# Calibration error & zero error

1. May 10, 2009

### Shukie

1. The problem statement, all variables and given/known data
I have an equation with a number of variables, of which the values and their uncertainties are known. Two of these variables are measured with a ruler, h and l. The question is, will a zero error in the ruler affect the answer or the uncertainty in the answer? The same question for a possible calibration error.

2. Relevant equations
$$\mu = \left(\frac{\pi*R^4}{8Q}\right)*\left(\frac{p*g*(h1 - h2) - p*g*(h2 - h3)}{l1 - l2}\right)$$

$$R = (400 \pm 4)*10^{-6} m$$
$$Q = (100 \pm 0.5)*10^{-9} \frac{m^{3}}{s}$$
$$l1 = (163.8 \pm 0.2)*10^{-3} m$$
$$l2 = (101 \pm 0.2)*10^{-3} m$$
$$h1 = (223 \pm 1)*10^{-3} m$$
$$h2 = (83 \pm 1)*10^{-3} m$$
$$h3 = (23 \pm 1)*10^{-3} m$$
$$g = 10 \mbox{and} p = 1000$$

3. The attempt at a solution
Evaluating this function I get $$\mu = (1.28 \pm 0.07)*10^{-3}$$. The actual zero error isn't given, so I'll assume an error of 1%. Can I simply multiply all the h and l values by 1.01 and then evaluate $$\mu$$ again to see if it deviates from the above answer? If so, do I multiply the uncertainties in h and l by 1.01 as well, or only their actual values?

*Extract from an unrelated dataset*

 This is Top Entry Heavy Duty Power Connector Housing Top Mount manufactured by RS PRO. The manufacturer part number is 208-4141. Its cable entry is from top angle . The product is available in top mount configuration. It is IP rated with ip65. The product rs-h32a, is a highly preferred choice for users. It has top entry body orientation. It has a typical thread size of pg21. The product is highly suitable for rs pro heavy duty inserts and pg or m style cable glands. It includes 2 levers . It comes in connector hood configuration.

As for the calibration error, how is this different from the zero error?

2. May 10, 2009

### LowlyPion

As I would read it, I would think they want you to calculate the error with and without the uncertainties in h and l, which I think means that the nominal result wouldn't change but the error may, if it's weight is significant in determining the original % error.

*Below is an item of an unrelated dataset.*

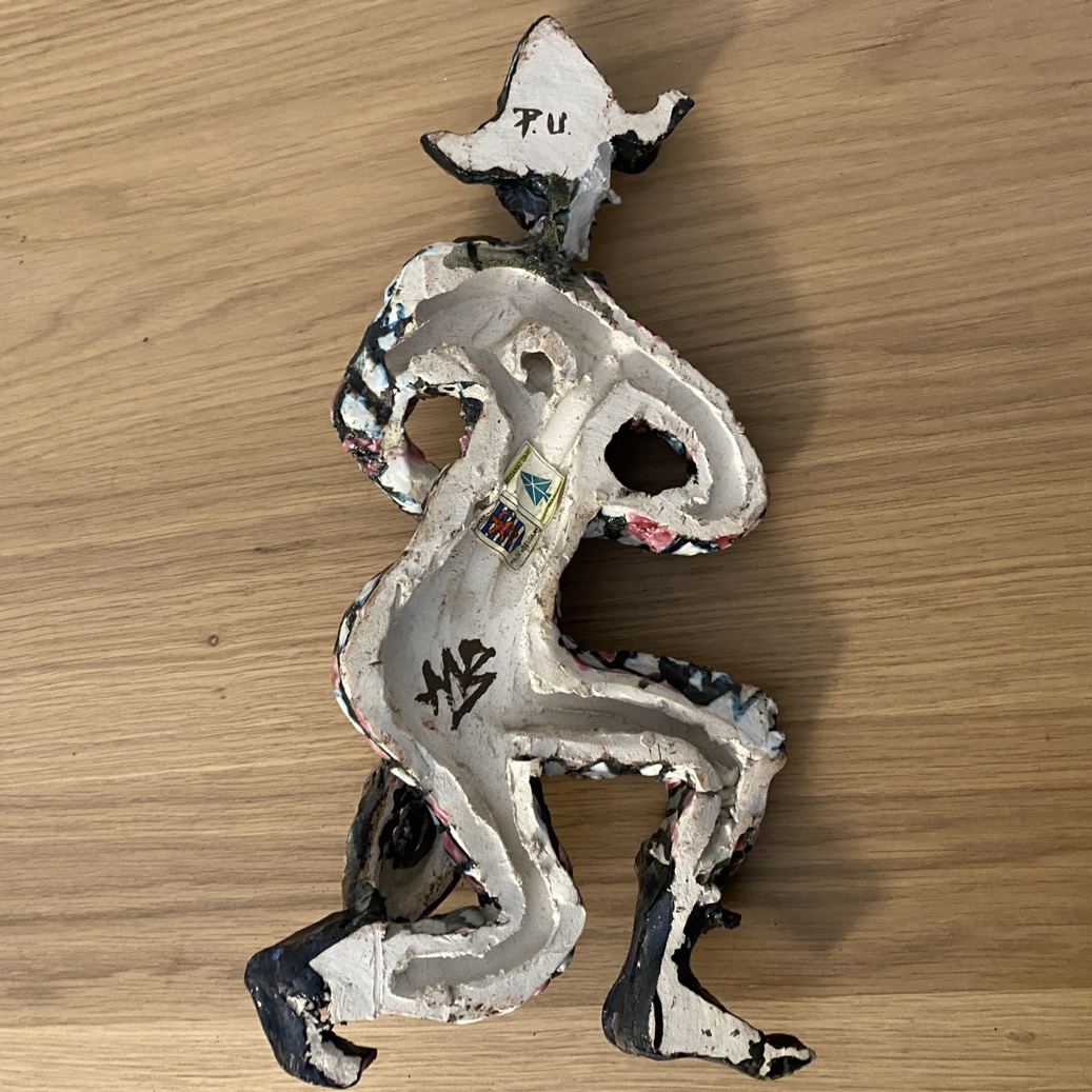 Sculpture murale (28 cm de haut) signé MB et PU à l’arrière. S’y trouve également une étiquette attestant « Marque de qualité, Made in Belgium, Artisanat d’Art Luxembourg ».

In the case where you have a systematic error like calibration maybe consider what the effect is on the difference terms in the equation.

3. May 11, 2009

### Shukie

I don't understand. If I have a zero error of 1%, can I simply multiply the uncertainties in h and l by 1.01 as well? If I do that and re-evaluatie the equation, I get $$\mu = (1.28 \pm 0.06)*10^{-3}$$.

4. May 11, 2009

### davieddy

For a zero error of 2 mm, (e.g using the end of the ruler instead of the zero mark)
true value of h = measured value of h - 2 mm

For a calibration error of 1% (e.g. due to thermal expansion of the ruler)
true value = 1.01*(measured value)

5. May 11, 2009

### Shukie

Thanks. Now if I want to calculate the uncertainties again, do I substract 2 mm from the uncertainties in h and l as well or do those stay the same?

6. May 11, 2009

### davieddy

The "uncertainties" represent the limited "precision" of the measurements.
They are called "random" errors as suggested by the +/-. They can be reduced
(and estimated more reliably) by repeating the experiment several times,
but are inescapable and should always be quoted.
BTW when you are quoting the uncertainty, be careful not to introduce
a "rounding error" by not quoting enough significant figures:
L=101 +/- 0.2 is criminal!

Zero, calibration (and rounding!) errors affect the "accuracy" of the result,
and are called "systematic" errors. They have the same sign, and won't
cancel out with repeating the experiment. They should be eliminated or
compensated for.